Probability density function
In probability theory, the probability density function, often short density function, probability density or just density ( abbreviated WDF or pdf of Engl. Probability density function ), called a tool to describe a continuous probability distribution. The integration of the probability density function over an interval gives the probability that a random variable takes on a value between the density and. The probability density can assume values greater than 1 and should not be confused with the probability itself.
Formally, it is a density with respect to Lebesgue measure.
While in the discrete case probabilities of events by summing the probabilities of the individual elementary events can be calculated ( an ideal cube shows, for example, any number with a probability of ), this is no longer true for the continuous case. For example, two people are hardly exactly the same size, but only up to a hair's breadth or less. In such cases, the probability density functions are useful. With the help of these functions to estimate the probability for an arbitrary interval - for example, a height between 1.80 m and 1.81 m - determine, although infinitely many values lie in this interval, of which each individual has the chance.
It is a probability measure and is a real-valued random variable. A function is called a probability density of the random variable (or more precisely, the distribution of ), if the following holds
For all real numbers.
Standardization and uniqueness
The area under the distribution function has the content 1, i.e.
The probability density is uniquely determined up to deviations in a set of measure zero. It is always non-negative and can be (as opposed to probability ) assume arbitrarily large values , as is evident from the picture.
Conversely Any function with for all and is the density function of a uniquely determined probability distribution.

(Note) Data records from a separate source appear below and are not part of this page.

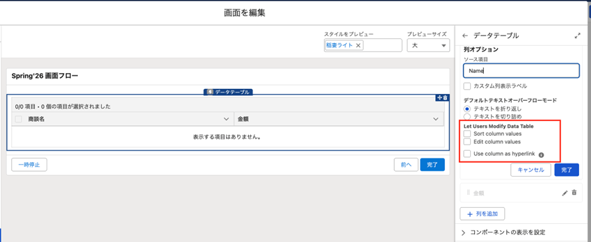 画面フロー:データテーブルコンポーネントで列操作が可能に
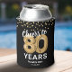 Personnalisé 80e anniversaire peut les refroidisseurs avec un arrière - plan noir élégant qui peut être changé à n'importe quelle couleur, parties scintillant brillante or, quatre-vingts ballons d'hélium or, et un modèle de texte simple qui est facile à personnaliser.
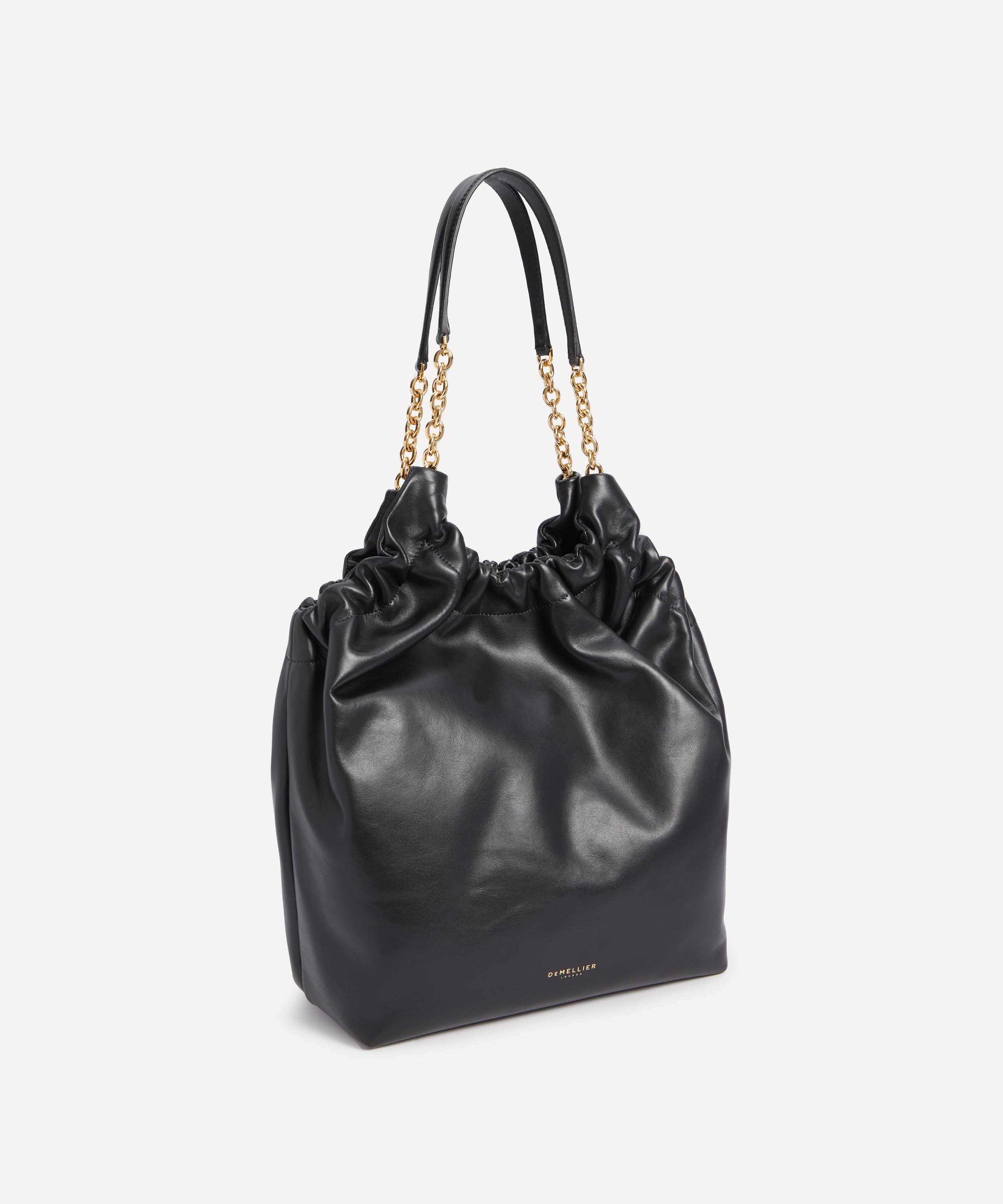 Showcasing a modern yet timeless slouchy silhouette with its ruched details across the top, its elegant gold-tone chain top-handles easily swing under your shoulder. The perfect size to carry all your essentials, its roomy interior includes an internal magnet closure as well as a zip pocket.

Calculation of probabilities
The probability of an interval can be calculated using the probability density or the associated cumulative distribution function as
This formula also applies to the intervals, and because individual points have at random variables with the probability density; the distribution function is continuous.
For more complex quantities, the probability can be determined analogously by integrating over subintervals. In general, the probability takes the form
Condition for the existence of a probability density
Has a probability density if and only if the distribution of absolutely continuous with respect to Lebesgue measure, i.e., when
For every Lebesgue null set ( set of Radon Nikodým ).
Context of the distribution function and density function
The (cumulative ) distribution function is formed as an integral over the density function:
Conversely, if the distribution function is differentiable, their derivation is a function of the density distribution:
This also applies even if it countably many points at which is continuous but not differentiable; which values to use at these locations for is irrelevant.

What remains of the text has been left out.